Kau punya sapi di rumah kurang lebih empat, kau mandikan sapi-sapimu tiap hari
tiga kali, pagi, siang, sore, setiap hari, otomatis tarifnya mahal. Namun, jika
hanya untuk kebutuhan mandi, memasak, mencuci, saya kira tak kan mahal.” Ketua
BPD itu menjelaskan dengan panjang lebar.
“Kalau begitu
hadirnya PAM Desa hanya untuk mandi dan mencuci, ya Pak?”
“Ngawur kau,
Min.”
“Katanya
mahal, Pak.”
“Ya kita juga
harus memikirkan cara menggunakan dengan hemat, Min.”
“Dulu pakai
sumur resapan sendiri tak sampai begini, Pak BPD.”
Malam itu
menjadi suasana sedikit gerah. Ketua BPD beradu mulut dengan Kurmin, warga
desanya masalah PAM Desa. Kurmin sebagai warga desa merasa keberatan dengan
tarif PAM Desa yang mahal. Ia merasa mewakili warga desa yang telah mengeluh
tentang tarif itu. Sedangkan ketua BPD telah merapatkan bersama masyarakat di
Balai Desa dengan hasil yang telah di sepakati, dan laporannya juga telah
dikirimkan ke kantor kabupaten, sulit rasanya merubah kembali.
“Begini, Min,
semua keluh kesahmu saya tampung dan besok akan saya rapatkan dengan pemerintah
desa. Kau tak usah memanas-manasi ke warga lainnya. Beberapa hari hasilnya akan
dibahas di Balai Desa, sekarang kau pulang saja.” Jawaban ketua BPD sepertinya
tak mau panjang lebar menanggapi Kurmin.
“Saya tak
memanas-manasi yang lain, Pak.”
“Syukurlah,
dan sekarang pulanglah. Semua masih bisa dibicarakan.”
Kurmin tak
menjawab dan langsung berpamitan.
“Ini pasti tak
beres.” Bisik hati Kurmin.
Beberapa hari
telah berlalu hasilnya tetap nihil. Pihak desa belum juga ada tanda-tanda
menyelesaikan urusan PAM. Hati Kurmin marah. Ia merasa dipermainkan oleh Ketua
BPD Tarnu. “Dasar, pejabat kampungan, bisanya hanya menunda-nunda, kupikir aku
tidak bisa bertindak,” pikir Kurmin kesal. Ia pun segera berlalu dengan cekatan
menembus malam menuju warung Yu Misih.
Esoknya desa
menjadi gempar. PAM Desa telah menjadi macet, setetes pun air tak bisa keluar.

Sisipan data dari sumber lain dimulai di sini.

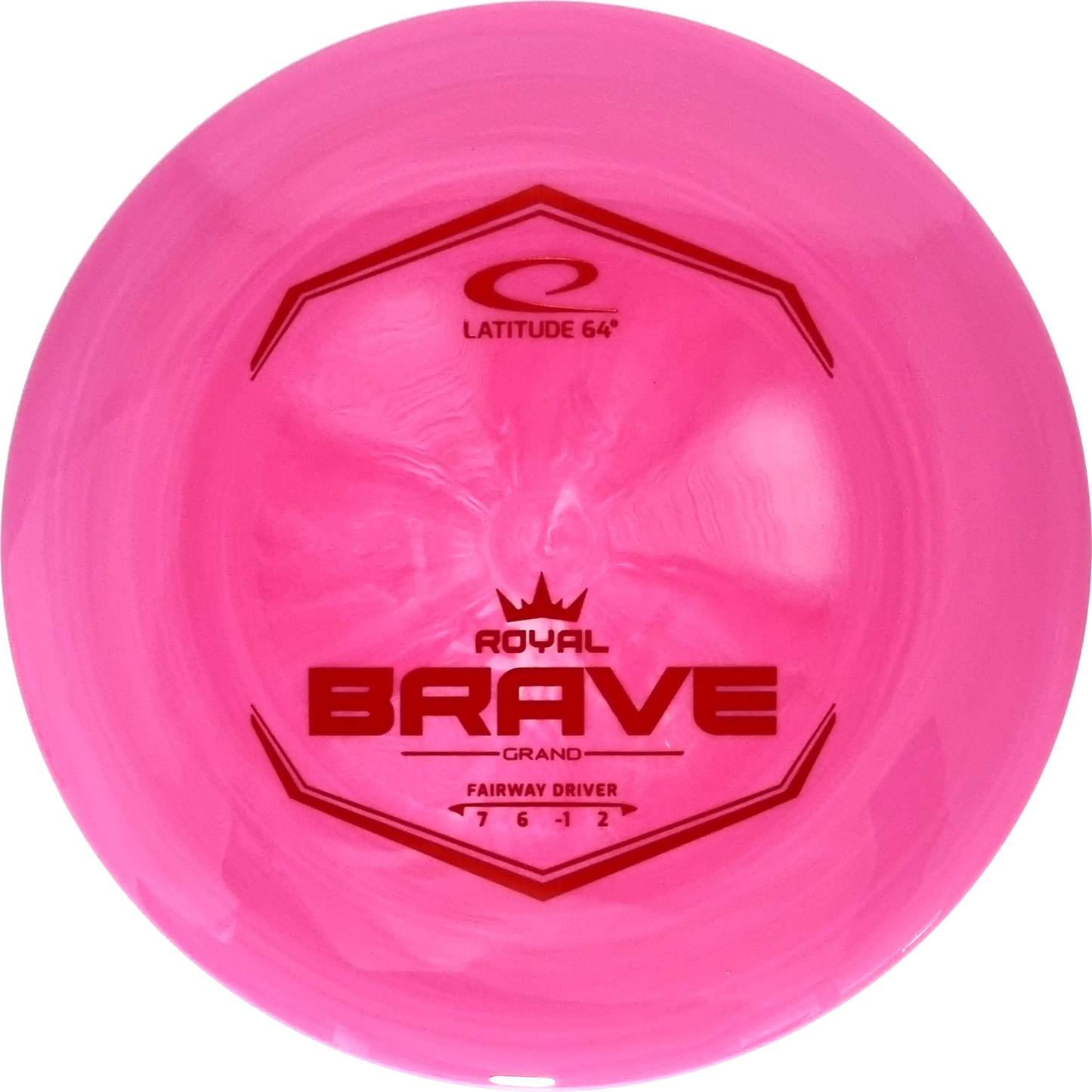 Discs in Latitude 64's Royal plastic may have slightly different shades from the image shown with varying degrees of swirls in the plastic. A pink version can therefore vary from being a slightly lighter pink to a slightly darker pink.
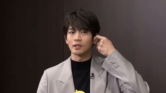 もみあげから耳の上の髪の毛を指しながら「この辺りとかは、自分で切りますね」と説明すると、鈴木アナは「役者さんなのに!?」と驚き。
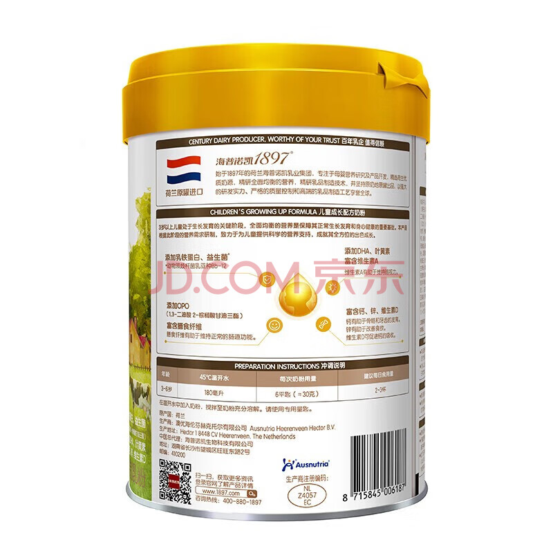 商品相册:海普诺凯1897荷致荷兰优质奶源儿童成长配方奶粉4段(3岁起) 800g【乳铁蛋白】第
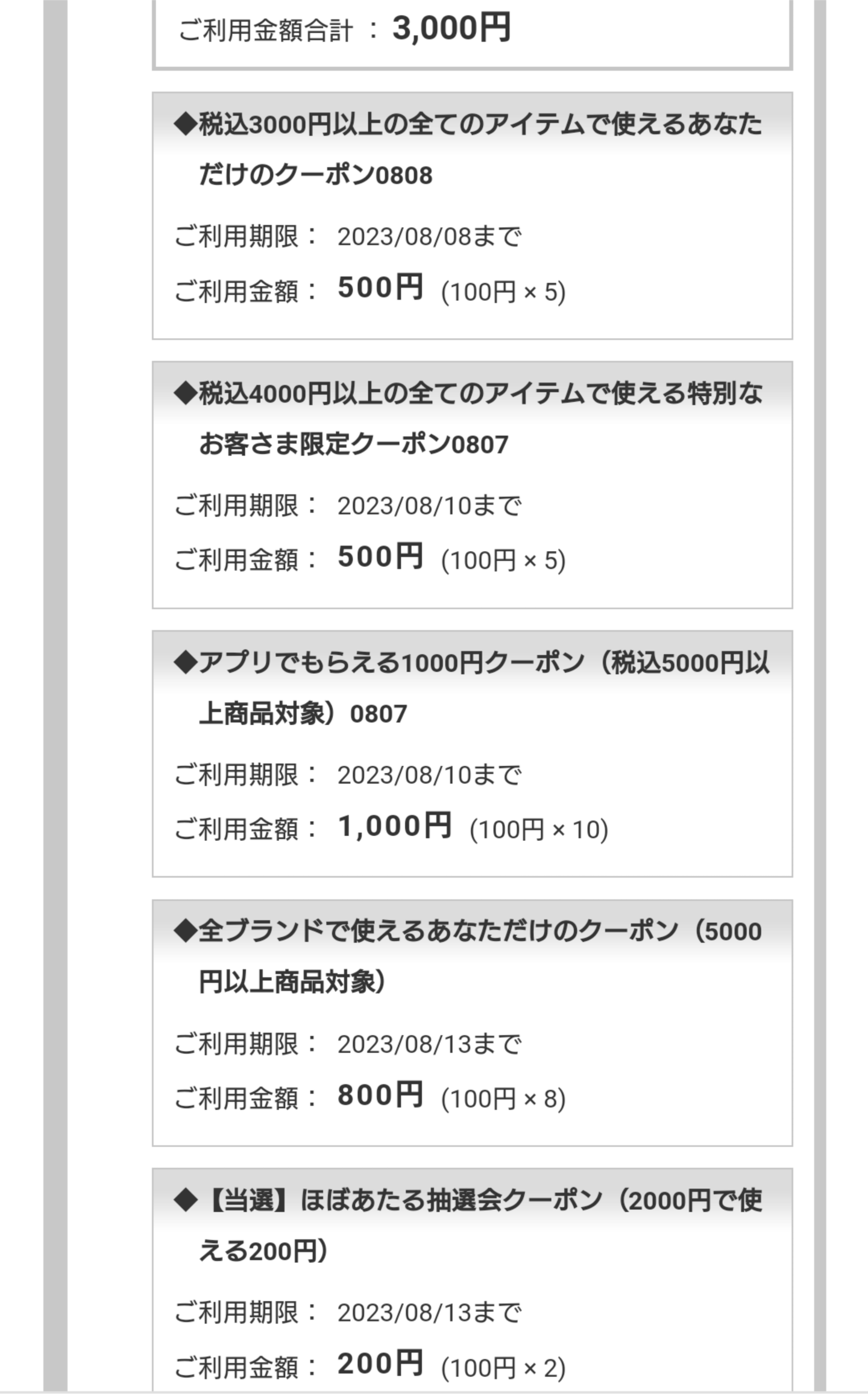 それ以外のクーポンは特別なのはなく、マ○イさんのアプリやウェブを見てたら普通に出てくるやつだと思います。

Semua warga menjadi kelimpungan, mandi tak bisa, masak susah, seakan-akan desa
menjadi kolaps. Kebutuhan air tak bisa diakses secara cepat. Semua aktifitas
desa terhenti beberapa jam. Setelah diperiksa pipa PAM telah rusak.
Semua warga,
tua, muda, laki-laki, perempuan, berduyun-duyun mendatangi kantor kepala desa.

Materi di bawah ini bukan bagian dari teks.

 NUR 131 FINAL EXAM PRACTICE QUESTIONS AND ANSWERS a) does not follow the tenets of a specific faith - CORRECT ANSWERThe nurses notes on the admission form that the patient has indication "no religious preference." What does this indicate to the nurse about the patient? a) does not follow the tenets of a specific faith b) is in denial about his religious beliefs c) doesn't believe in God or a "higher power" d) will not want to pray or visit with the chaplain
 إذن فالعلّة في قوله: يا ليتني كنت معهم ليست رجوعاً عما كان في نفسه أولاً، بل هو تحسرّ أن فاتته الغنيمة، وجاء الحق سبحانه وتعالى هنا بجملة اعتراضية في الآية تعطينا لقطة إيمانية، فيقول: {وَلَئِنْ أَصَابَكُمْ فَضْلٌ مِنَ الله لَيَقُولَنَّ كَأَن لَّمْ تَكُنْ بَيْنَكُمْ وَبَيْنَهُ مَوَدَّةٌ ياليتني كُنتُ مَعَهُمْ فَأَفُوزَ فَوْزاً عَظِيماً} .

Mereka menuntut tanggung jawab atas PAM yang macet padahal mereka telah
membayarnya. Mereka merasa dirugikan karena telah habis beberapa ratus ribu
setiap bulan untuk membayarnya.
“Tenang,
saudara-saudara, tenang, semua ini pasti akan bisa di atasi, tenang.” Pak Inggi
dengan tergopoh-gopoh mencoba menenangkan massa yang semakin membludak.
“Tak bisa Pak,
kita tak bisa tenang, sebelum PAM itu bisa beroperasi lagi, terus kita mau
minum, masak, pakai apa, Pak Inggi? Pakai air kencing sapi.” Teriak salah satu
dari mereka dengan setengah emosi.
“Ya, Pak
Inggi, sungai juga sudah mengering, sumur-sumur kami juga sudah tak berair.

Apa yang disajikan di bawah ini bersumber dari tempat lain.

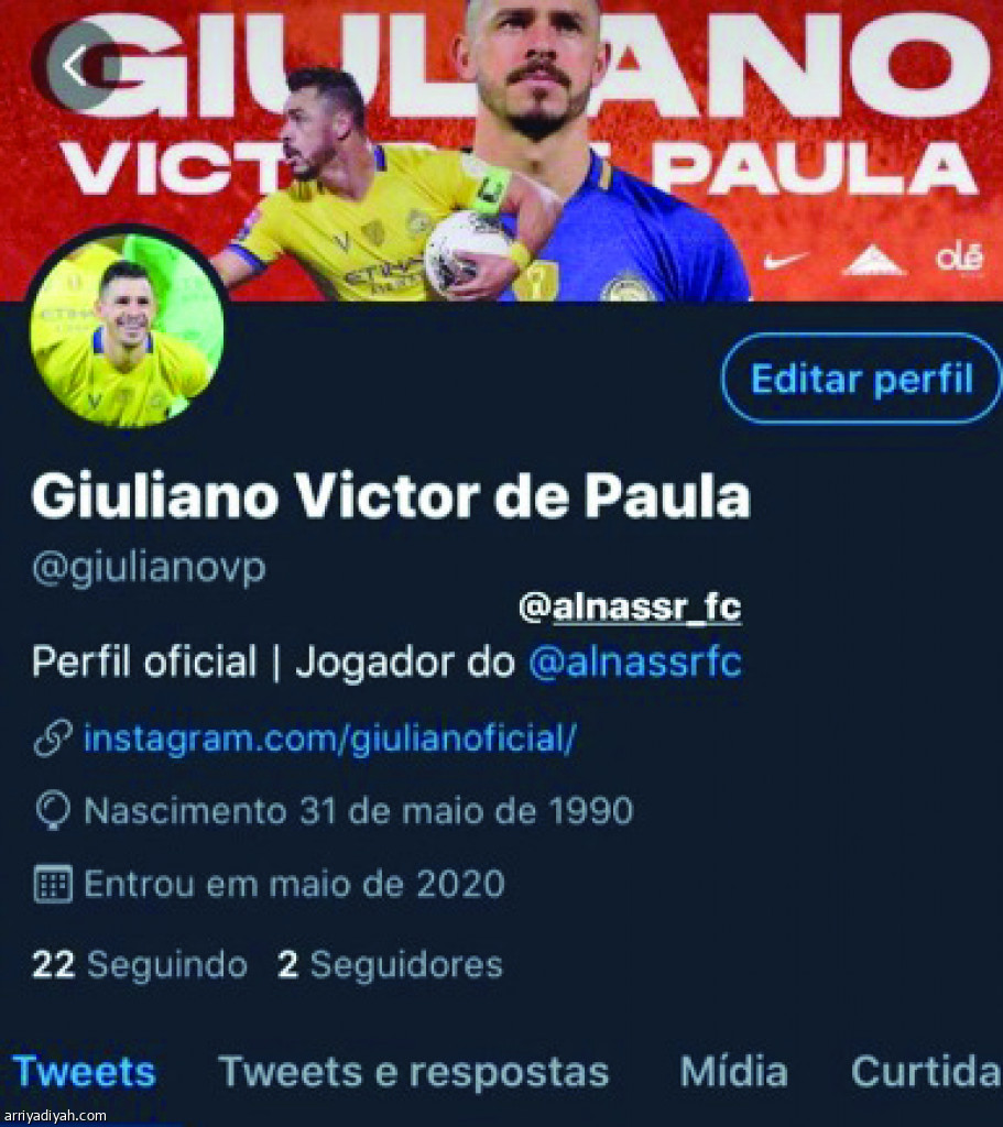 انضم البرازيلي جوليانو، لاعب فريق النصر الأول لكرة القدم، إلى موقع التواصل الاجتماعي “تويتر”، من خلال تدشين حساب له.

Lantas kami harus bagaimana?” Protes warga.
“Kembalikan
uang kami. Kembalikan uang kami. Kembalikan uang kami sekarang juga!” Teriak-teriak
mereka sambil bergandengan tangan dan lunjak-lunjak persis mahasiswa demo di
depan gedung DPR.
Dari kejauhan
mobil patroli Polisi meraung-raung dan mendekat. Dengan senjata lengkap
beberapa personil itupun ingin segera membubarkan massa. Tidak semudah itu.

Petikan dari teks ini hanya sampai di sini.